### Task statement:
With pictures left out, write out exactly every line from the start of the data through the one that contains "Collectively, these findings".

### Data block:
%%
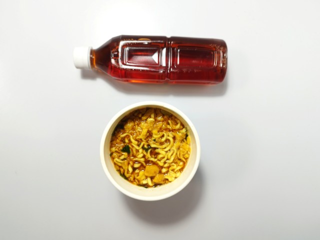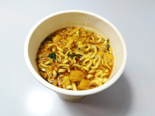 すず鬼監修カップ麺です。ファミリーマートでは9月16日から普通の月見じゃモノ足りない!「月見背徳メシ」を開催していて、今回の商品もその対象商品の一つになっています。ちなみに以前にも【「元祖スタミナ満点らーめん すず鬼」監修】背徳ニンニク醤油(2025年1月28日発売)がありましたが、今回は背徳月見企画に併せて、タマゴ入り期間限定商品になっています。そんなカップ麺ですが、スープ豚の旨味背脂のコクニラの風味を感じる濃厚な味わい醤油スープで、クセになってしまう美味しさです。もちっとした食感ワシワシ麺で、濃厚醤油スープにも負けていません。そして今だけタマゴ入りとパッケージにも書かれている通り、ポイントは具材であるタマゴで、たまごのなめらかな味わい濃厚醤油スープと絡む事でまた違った味わいを楽しめます。内容量は1食分にちょうどよく、お腹も満たされます。ぜひ背徳ニンニク醤油カップ麺を食べてみて下さい。
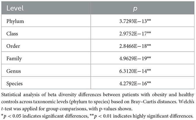 Collectively, these findings indicated that, compared with healthy individuals, patients with obesity displayed significant differences in gut microbial community structure, which were most pronounced at higher taxonomic levels and primarily captured by PCo1. The obesity group consistently exhibited greater heterogeneity and a rightward shift on PCo1, while the control group showed a systematic elevation on PCo2 starting from the class level. These patterns suggested that obesity-related alterations in the gut microbiota are more robust and stable at higher taxonomic ranks, whereas at the species level, differences are diminished, primarily reflecting variability in community distribution.
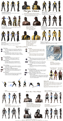 Moraga Vasquez - the Paragon version of him cleans up really nicely. Except those boots. Man, what the hell is with those boots. Wilson made you some *nice* ones. But nooo, you gotta have those things clompin around. Moraga has such issues. This is not his 'first' visit to an alternate world, and probably won't be his last. He's actually not the "original" Moraga. In fact, he's not even the SECOND Moraga (who lives alternately in Twoarth's Carramba High as a teacher and on Zekira as ... well, whatever it is he does there). This is a copy of a copy. Of all the people on this list, this version of Moraga would be the angstiest. I'd made him in Paragon shortly before the end of days, wearing a more normal version of his outfit - and, some gorgeous others, which he's got on his own pages in here somewhere.
%%
### Exercise result:
 すず鬼監修カップ麺です。ファミリーマートでは9月16日から普通の月見じゃモノ足りない!「月見背徳メシ」を開催していて、今回の商品もその対象商品の一つになっています。ちなみに以前にも【「元祖スタミナ満点らーめん すず鬼」監修】背徳ニンニク醤油(2025年1月28日発売)がありましたが、今回は背徳月見企画に併せて、タマゴ入り期間限定商品になっています。そんなカップ麺ですが、スープ豚の旨味背脂のコクニラの風味を感じる濃厚な味わい醤油スープで、クセになってしまう美味しさです。もちっとした食感ワシワシ麺で、濃厚醤油スープにも負けていません。そして今だけタマゴ入りとパッケージにも書かれている通り、ポイントは具材であるタマゴで、たまごのなめらかな味わい濃厚醤油スープと絡む事でまた違った味わいを楽しめます。内容量は1食分にちょうどよく、お腹も満たされます。ぜひ背徳ニンニク醤油カップ麺を食べてみて下さい。
 Collectively, these findings indicated that, compared with healthy individuals, patients with obesity displayed significant differences in gut microbial community structure, which were most pronounced at higher taxonomic levels and primarily captured by PCo1. The obesity group consistently exhibited greater heterogeneity and a rightward shift on PCo1, while the control group showed a systematic elevation on PCo2 starting from the class level. These patterns suggested that obesity-related alterations in the gut microbiota are more robust and stable at higher taxonomic ranks, whereas at the species level, differences are diminished, primarily reflecting variability in community distribution.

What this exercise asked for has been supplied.